The Wedding Quilt – Episode 25


The weather was glorious on that spring day when Paddy Ryan first took Beasie driving.

All along the lanes wild cherry and plum trees were in bloom, and the sugar maples, which had recently yielded their annual crop of sap for boiling into syrup, had now leafed out in lofty bright green fans.

Now and then Beasie glimpsed a meadowlark or a bobolink in flight, and wild geese flew overhead in large, honking skeins.

“Looks like they’re going to the lake, too,” Paddy observed.

“I guess so.”

Beasie was embarrassed. Why did she feel so tongue-tied? What were you supposed to talk to a fellow about on a first date?

She’d better not mention the war; some men didn’t care to talk about their experiences, while others had far too much to say on the subject.

“How is your mother?” she asked at last. “After all that’s happened, I mean?”

“Well, I can tell you one thing for sure, she doesn’t want me to go on the spring drive again!”

“I’m sure she doesn’t. So will you go anyway?”

“I suppose it’s near time I gave it up. I’ll be thirty next birthday and I’m getting past it. Dad’s going to buy me a team of horses and I’ll go to the lumber camps as a teamster instead. They get paid twenty-five cents a day more then regular lumberjacks, so that’s not bad.”

“Your mother will be glad to hear that.”

“I bet she knows already. Dad probably made me the offer because she put him up to it. That’s how things work in our family.” Paddy reined in the horse and the animal slowed to a walk.

“You’re quiet, Beasie. Is there something wrong? Have I said something to offend you? It’s not your folks, is it? They’re not sick or something?”

“No, no, of course not. Nothing like that.” But of course she was worried, dreadfully so, and it showed.

She might as well tell him, and if she bored him and he never asked her out again, so be it.

“Dad thinks we’re going to lose the store, Paddy.”

“What? But it’s been there at the crossroads since your grandfather’s time. How can you be losing it now? Where else would anyone shop?”

“They’re all going into Ararat on the train. They’ve put up a ladies’ rest room with couches and all so shoppers have the comforts of home while they’re waiting for the train.

“The grocers have what they call loss leaders to bring the customers in.

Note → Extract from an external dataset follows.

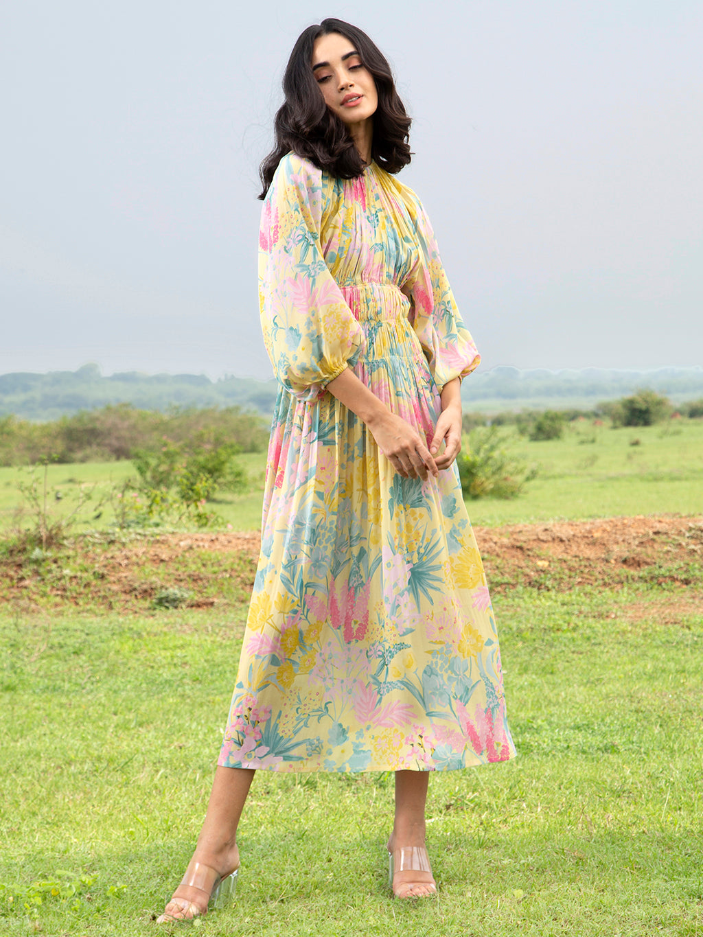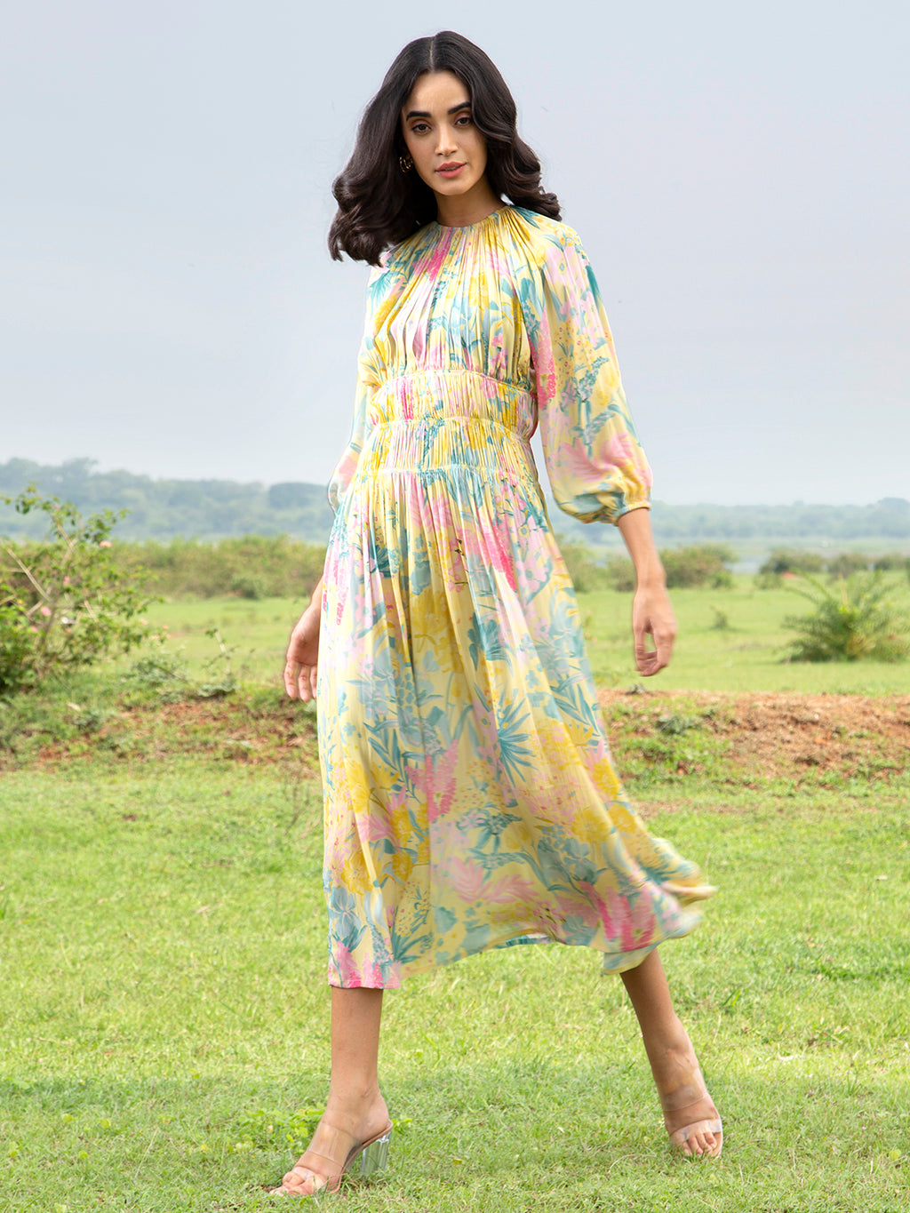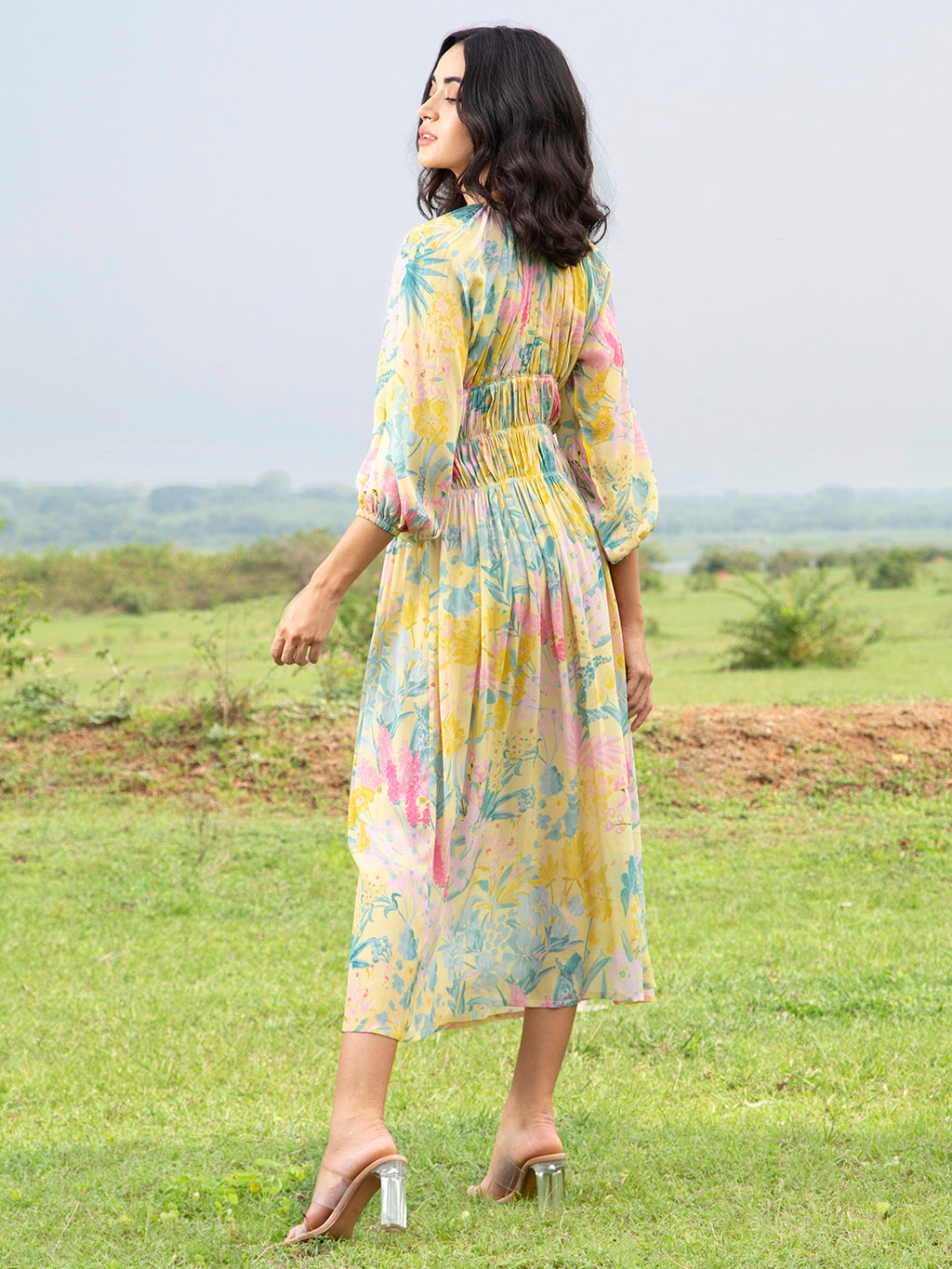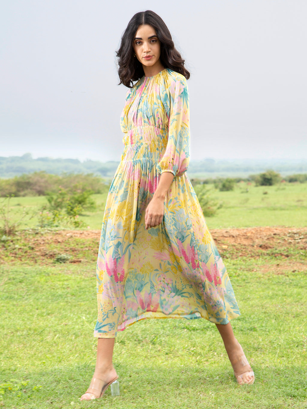 Yellow Sage Midi Dress

One week they’ll have bacon, say, or butter, at a very low price.

“Customers flock in to get those items, the idea being that they’ll stock up on other goods while they’re in the shop. Naturally we can’t compete, and our trade has dropped off to the lowest level it’s been since the war.”

“I guess I missed all that by going away up north.”

“The worst of it was that Mum was planning to stock yard goods and start up a quilting group for local ladies. She’s even started work on a quilt with the double wedding ring pattern that she hoped to inspire them all with.

“Mum’s club would have meant so much to women stuck at home with young children. They could have brought the babies along to the meetings and taken it in turns to keep them entertained.”

“I can’t say I know much about quilting,” Paddy said, “but you mustn’t let Burke’s go out of business. It’s a local institution.”

“If you can explain how to stop ourselves going under, I’d be glad to hear about it!” Beasie said, annoyed at his cavalier attitude.

“It’s simple. If your customers won’t come to you, you must go to them.”